======== Record excerpts

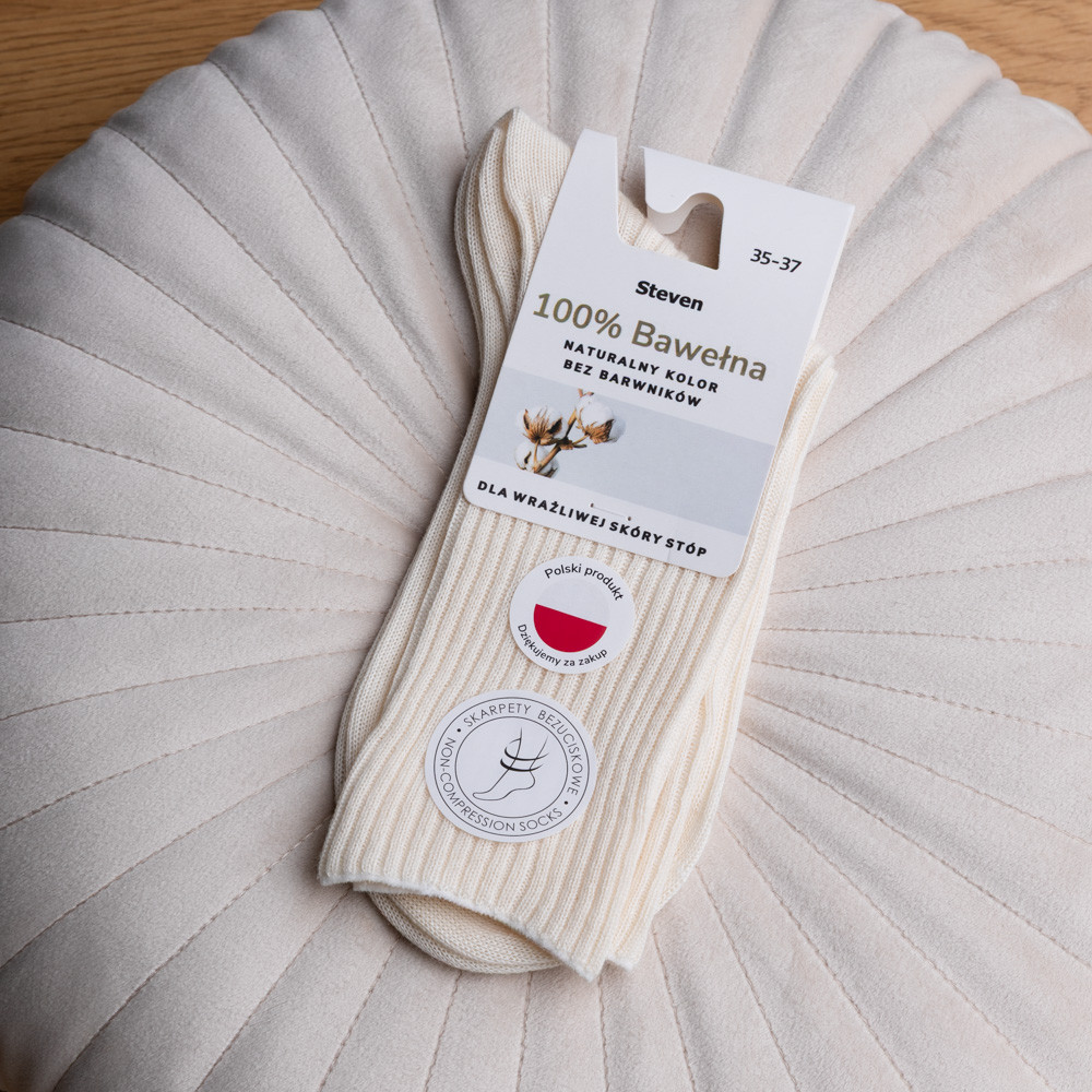 Komfort, naturalność i ochrona w jednym. Te eleganckie skarpety w prążki wykonane są w 100% z czystej, certyfikowanej bawełny (OEKO-TEX STANDARD 100) – bez dodatków sztucznych barwników i środków zapachowych. To doskonały wybór dla osób z alergiami, wrażliwą skórą czy chorobami dermatologicznymi. Skarpety są bezuciskowe, bezszwowe i chronią zarówno stopę, jak i łydkę, zapewniając maksymalny komfort przez cały dzień. Pozwalają skórze oddychać, są delikatne w dotyku. To wybór, który łączy zdrowie, wygodę i troskę o planetę.
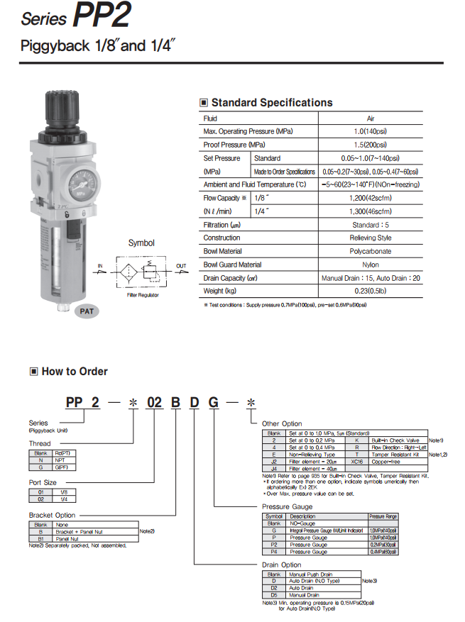 Model PP2 có chức năng lọc tách nước, tách bẩn điều chỉnh khí đến áp lực yêu cầu để đi sử dụng.
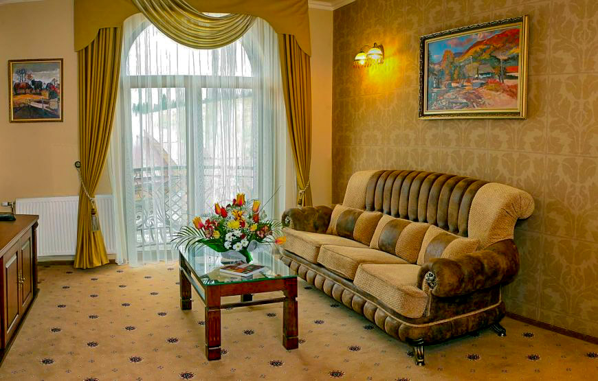 Номери категорії люкс в Гранд Готелі Пилипець дозволяють гостям насолоджуватися відпочинком в горах, затишно розмістившись в одній з 2-х кімнат номеру – вітальні або спальні.
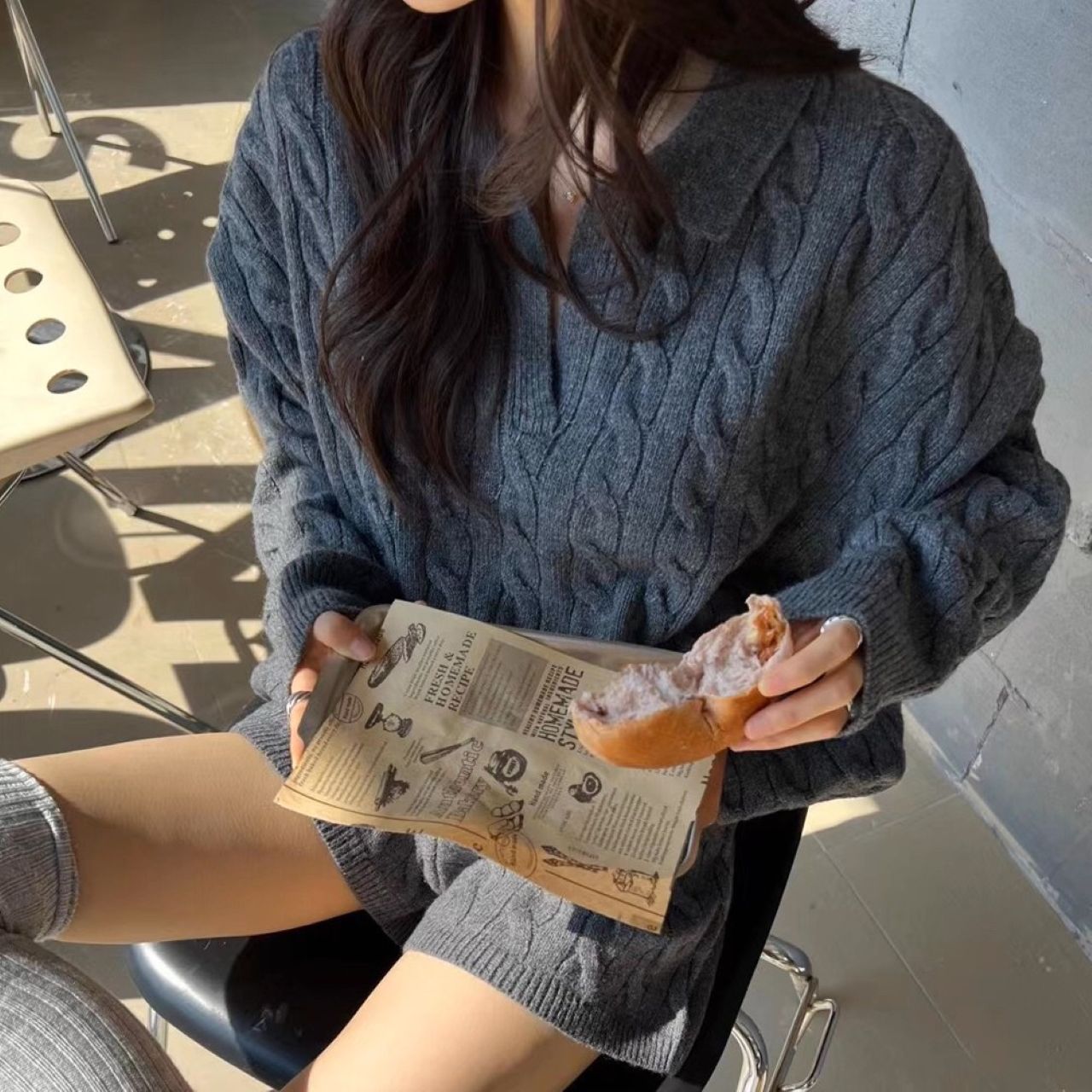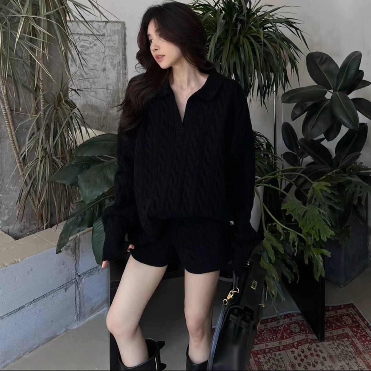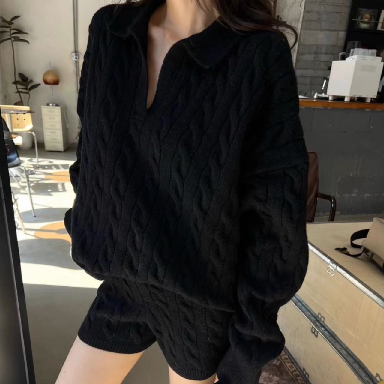 骨格ウェーブ ゆったりケーブル編み ニットトップス&ショートパンツ 2点セット
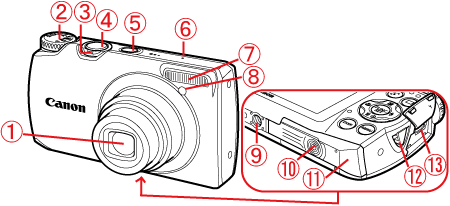 ![]() | Shutter Button | ![]() | Memory Card / Battery Cover |
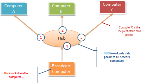 A hub works by sending broadcast messages to all output ports on it except the one that has sent the broadcast . The recipient computer responds to the broadcast message if the IP address matches. This means when using a hub, all the computers on a network can see the broadcast message. It operates at the physical layer (layer 1) of the OSI Model.
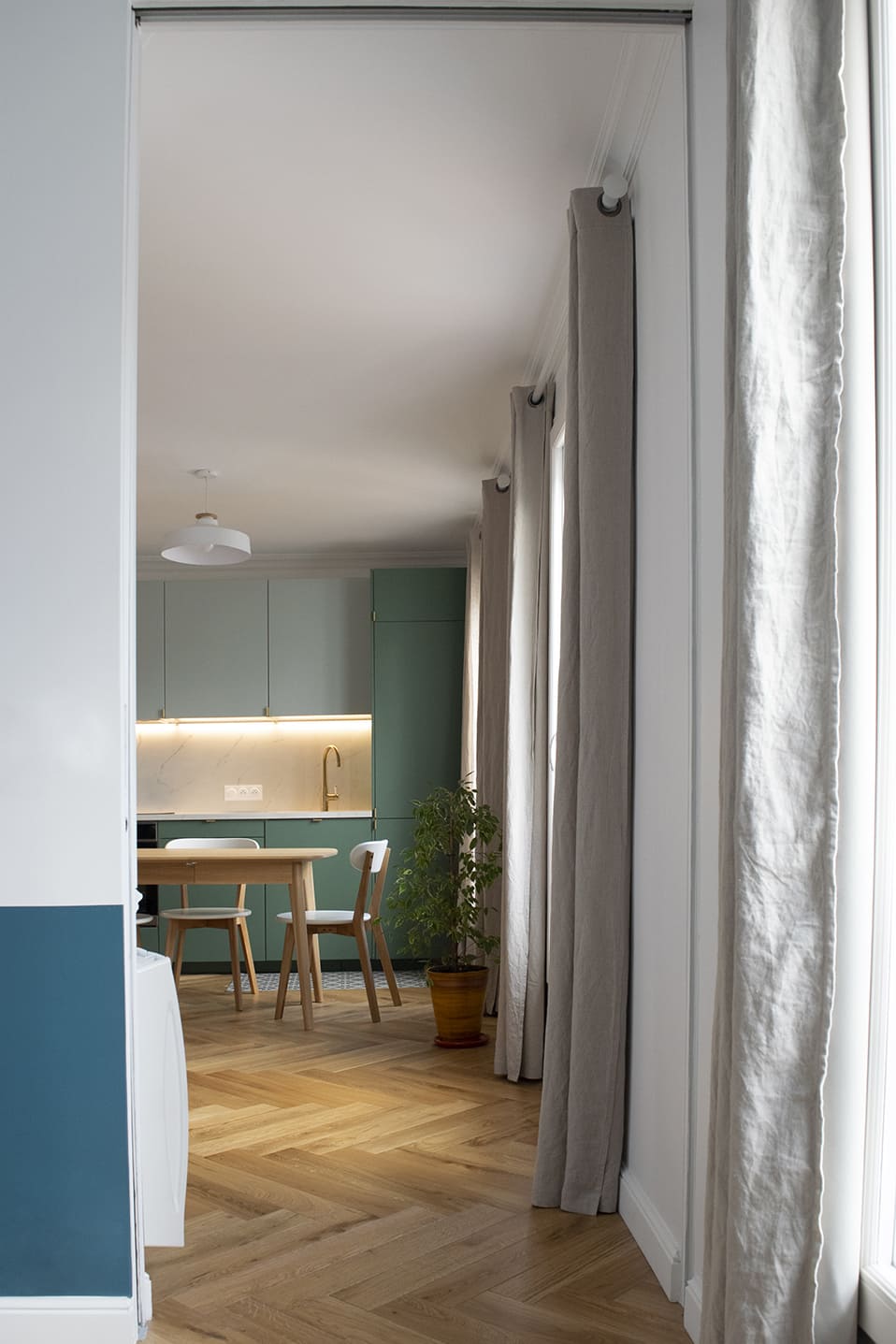 La demande initiale était de refaire à neuf le logement et penser une nouvelle organisation des espaces. L’appartement a donc été repensé pour offrir à la fois de la lumière, des espaces de rangement et une sensation d'espace plus généreux.
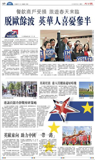 大公网6月25日讯(记者许嘉信、李淇)英国公投决定脱欧,在英华人华侨反应不一,有餐饮商户担心英镑贬值生意受到影响,但也有旅游业者认为可能招来更多游客。中资企业态度相对谨慎,对英国经济前景保持信心,相信中英“黄金时代”仍会继续。专家指,脱欧对华人华侨及中英关系的影响好坏参半,仍需要时间来观察。
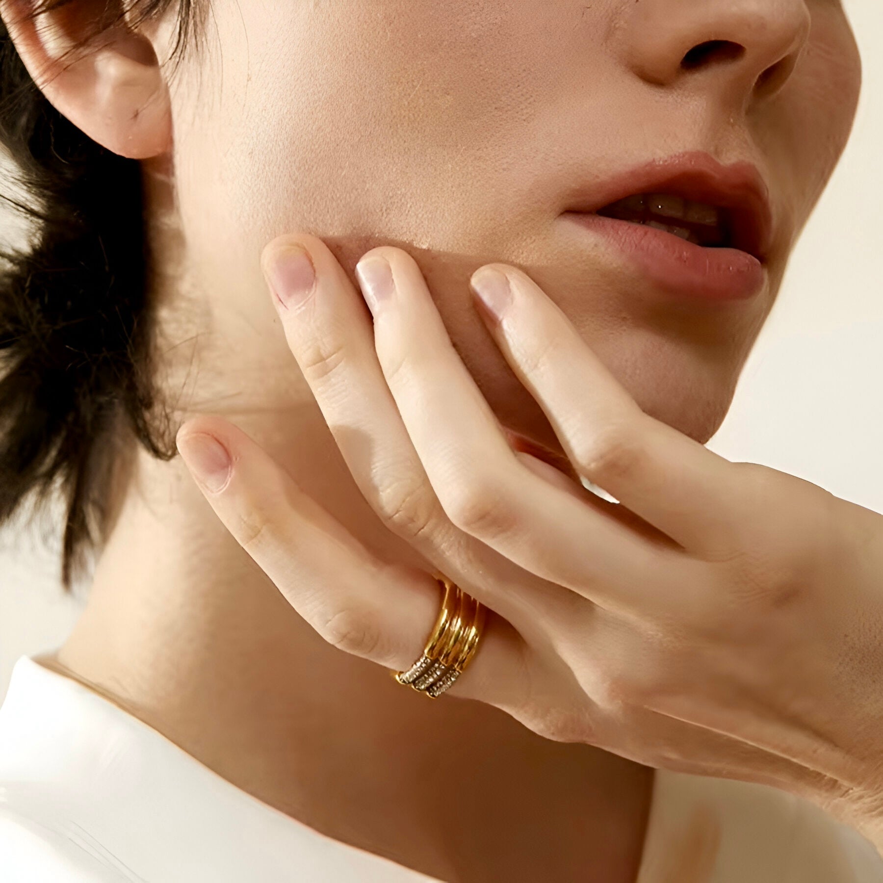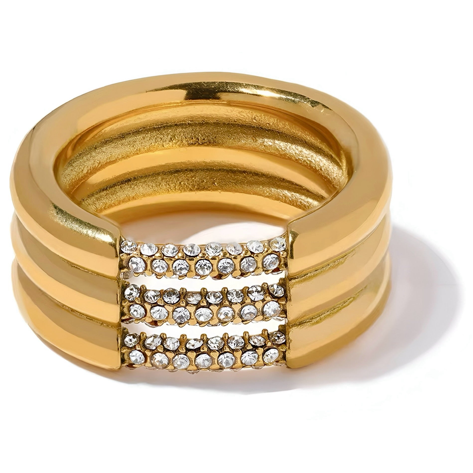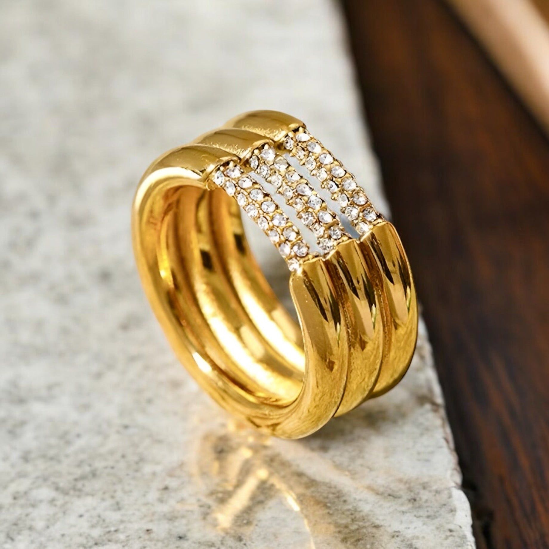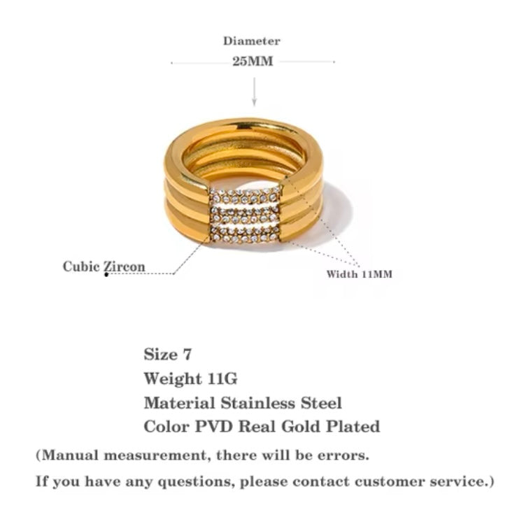 Scopri l'eleganza moderna dell'anello "Trilogy Shine Bottom". Realizzato in acciaio inossidabile con una raffinata placcatura PVD in oro 18 carati, questo anello cattura l'essenza del lusso contemporaneo. I suoi tre fasci distintivi sono impreziositi da scintillanti zirconi, che aggiungono una brillantezza sofisticata e intramontabile. Perfetto per chi desidera un accessorio che unisca stile e raffinatezza, rendendo ogni occasione speciale.

================

Without any pictures, output the entries above exactly as they appear.

## Expected answer
 Komfort, naturalność i ochrona w jednym. Te eleganckie skarpety w prążki wykonane są w 100% z czystej, certyfikowanej bawełny (OEKO-TEX STANDARD 100) – bez dodatków sztucznych barwników i środków zapachowych. To doskonały wybór dla osób z alergiami, wrażliwą skórą czy chorobami dermatologicznymi. Skarpety są bezuciskowe, bezszwowe i chronią zarówno stopę, jak i łydkę, zapewniając maksymalny komfort przez cały dzień. Pozwalają skórze oddychać, są delikatne w dotyku. To wybór, który łączy zdrowie, wygodę i troskę o planetę.
 Model PP2 có chức năng lọc tách nước, tách bẩn điều chỉnh khí đến áp lực yêu cầu để đi sử dụng.
 Номери категорії люкс в Гранд Готелі Пилипець дозволяють гостям насолоджуватися відпочинком в горах, затишно розмістившись в одній з 2-х кімнат номеру – вітальні або спальні.
 骨格ウェーブ ゆったりケーブル編み ニットトップス&ショートパンツ 2点セット
 ![]() | Shutter Button | ![]() | Memory Card / Battery Cover |
 A hub works by sending broadcast messages to all output ports on it except the one that has sent the broadcast . The recipient computer responds to the broadcast message if the IP address matches. This means when using a hub, all the computers on a network can see the broadcast message. It operates at the physical layer (layer 1) of the OSI Model.
 La demande initiale était de refaire à neuf le logement et penser une nouvelle organisation des espaces. L’appartement a donc été repensé pour offrir à la fois de la lumière, des espaces de rangement et une sensation d'espace plus généreux.
 大公网6月25日讯(记者许嘉信、李淇)英国公投决定脱欧,在英华人华侨反应不一,有餐饮商户担心英镑贬值生意受到影响,但也有旅游业者认为可能招来更多游客。中资企业态度相对谨慎,对英国经济前景保持信心,相信中英“黄金时代”仍会继续。专家指,脱欧对华人华侨及中英关系的影响好坏参半,仍需要时间来观察。
 Scopri l'eleganza moderna dell'anello "Trilogy Shine Bottom". Realizzato in acciaio inossidabile con una raffinata placcatura PVD in oro 18 carati, questo anello cattura l'essenza del lusso contemporaneo. I suoi tre fasci distintivi sono impreziositi da scintillanti zirconi, che aggiungono una brillantezza sofisticata e intramontabile. Perfetto per chi desidera un accessorio che unisca stile e raffinatezza, rendendo ogni occasione speciale.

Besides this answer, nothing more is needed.